Ars-technica also just did a review. Check it out.

http://arstechnica.com/reviews/apps/spyware-remo va l.ars

Re:none here

[afd8856]

I've seen spyware targeted at firefox and java applets that would want me to install something I was not curious enough to see. Fortunately, I was always asked if I want to install (security mechanism in Java and Firefox). I think grandpa' will click ok on those boxes, without reading them first.

And if they fail...

[Tuxedo+Jack]

That's what SpywareInfo's for.

http://www.spywareinfo.com

It's arguable that they're the biggest antispyware site out there, and if nothing else, they can get the CoolWebSearch strains that even Ad-Aware and Spybot can't get (real-yellow-pages, linklist, et cetera).

(Disclaimer: I'm a Trusted Advisor there.)

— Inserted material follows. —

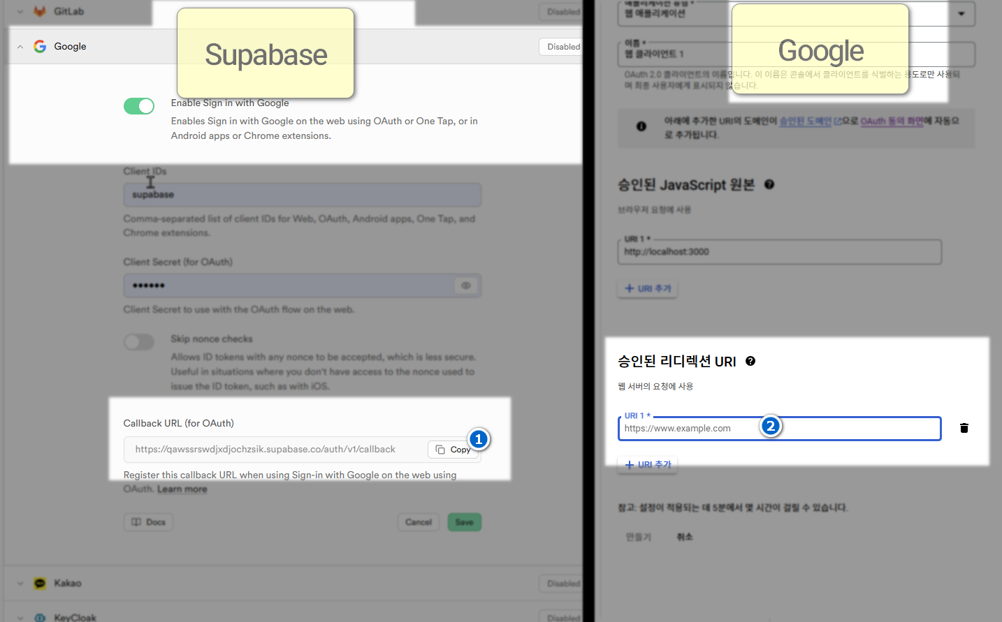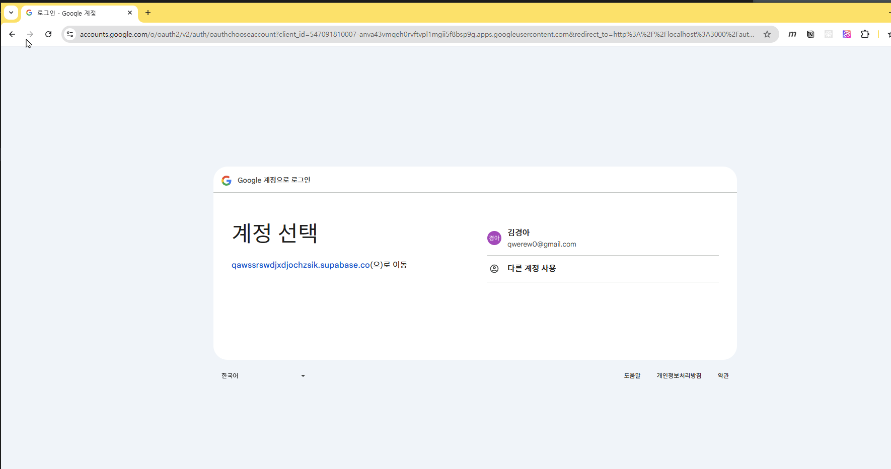 - 리디렉션 url 은 수파베이스의 Authentication 으로 이동하여 복사한다.

Spyware tips I've picked up

[cybergibbons]

I run a small IT consultancy, and nearly every internet connected PC we work on has a significant spyware infection on it. It's not only our job to remove it, but to prevent it coming back. The things that I've noticed after fixing a lot of problems:

• People don't know they have spyware on their computers. They are crawling along, at a stage I would call barely usable, and it doesn't bother them in the slightest. Or, better still, they find those new toolbars really useful...
• A combination of Spybot S&D and Adaware will clean up most problems. Hijackthis will then allow you to remove anything else. Some people say that Hijackthis is the only tool you need - but it can only remove very apparent problems, whereas the other tools will remove nearly all associated keys, files etc.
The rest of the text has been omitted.